Dataset extract:

◆ ◆ ◆ ◆ ◆

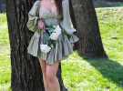 Перед камерою постала в короткій сукні сіро-зеленого відтінку. Аутфіт доповнила розпущеним волоссям, ніжним макіяжем і вишуканими прикрасами.
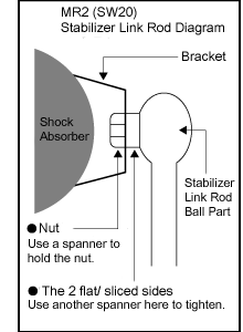 When attaching the stabilizer link to a shock absorber, be extra careful tightening it. Put the nut into the bracket on the shock absorber, and screw it onto the stabilizer link bolt's thread. To tighten, hold the nut in place with a spanner, and turn the bolt with another spanner on its flat base (12 mm wide). This is hard. Take care not to slip off the bolt's flat sides.
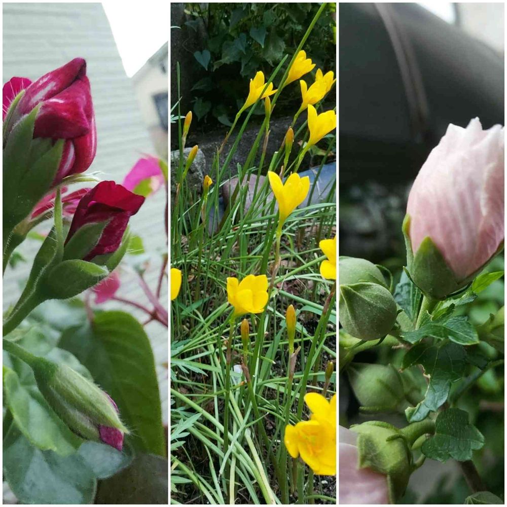 真ん中 キバナサフランモドキ…で良いでしょうか 雨続きにて、今が真っ盛りに咲いてくれています。こぼれ種で増える増える〜
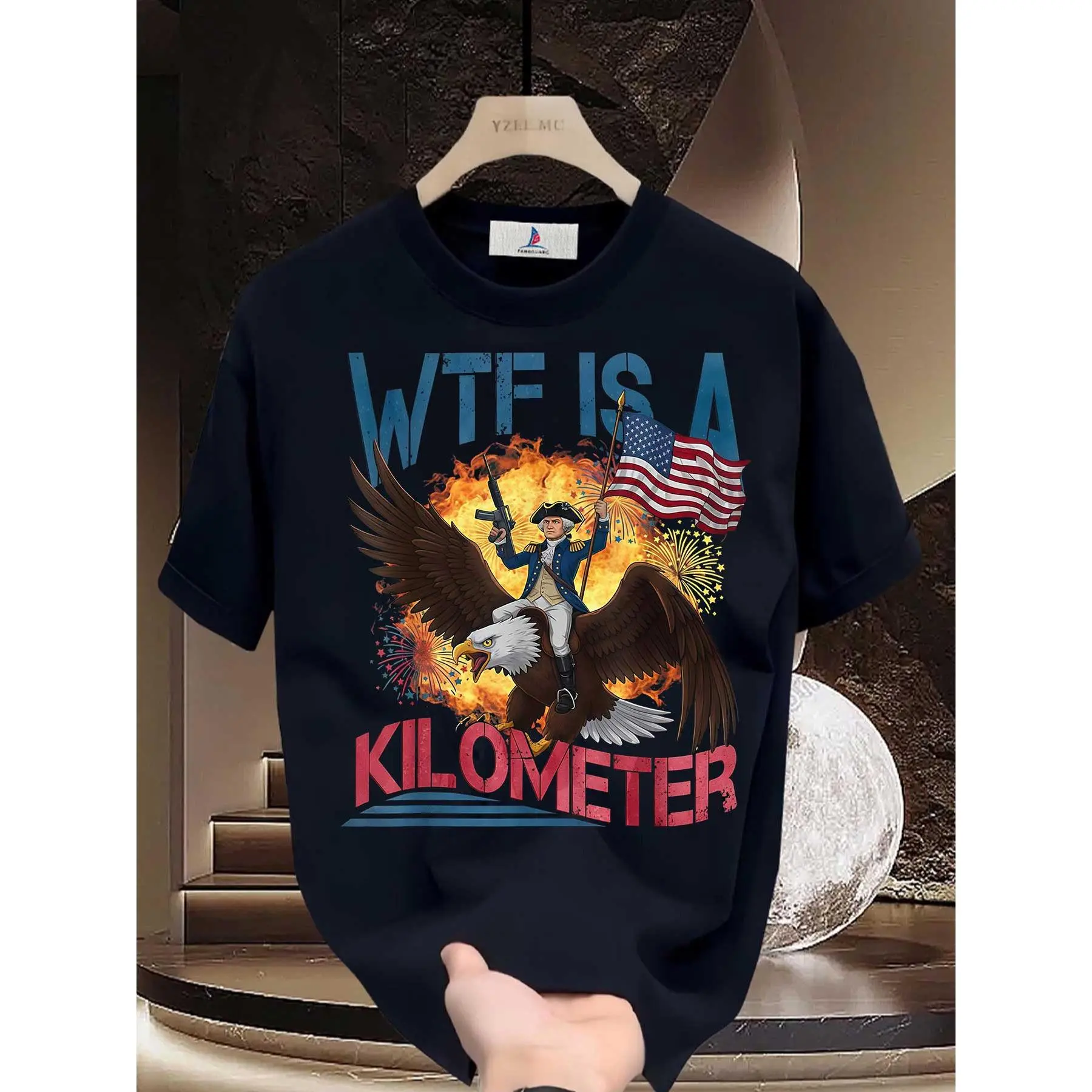 Classic Graphic T-Shirt "WTF is a Kilometer" Perfect for Family Gatherings, Team-Building Events, and 4th of July Celebrations | 180g Unisex Tees with Patriotic Design - Ideal Gift for Independence Day Festivities

◆ ◆ ◆ ◆ ◆

Task to complete: The expected output is an exact retyping of the lines from the line with "When attaching the" through the last line of the data, with both ends kept and the pictures dropped.

Solved exercise:
 When attaching the stabilizer link to a shock absorber, be extra careful tightening it. Put the nut into the bracket on the shock absorber, and screw it onto the stabilizer link bolt's thread. To tighten, hold the nut in place with a spanner, and turn the bolt with another spanner on its flat base (12 mm wide). This is hard. Take care not to slip off the bolt's flat sides.
 真ん中 キバナサフランモドキ…で良いでしょうか 雨続きにて、今が真っ盛りに咲いてくれています。こぼれ種で増える増える〜
 Classic Graphic T-Shirt "WTF is a Kilometer" Perfect for Family Gatherings, Team-Building Events, and 4th of July Celebrations | 180g Unisex Tees with Patriotic Design - Ideal Gift for Independence Day Festivities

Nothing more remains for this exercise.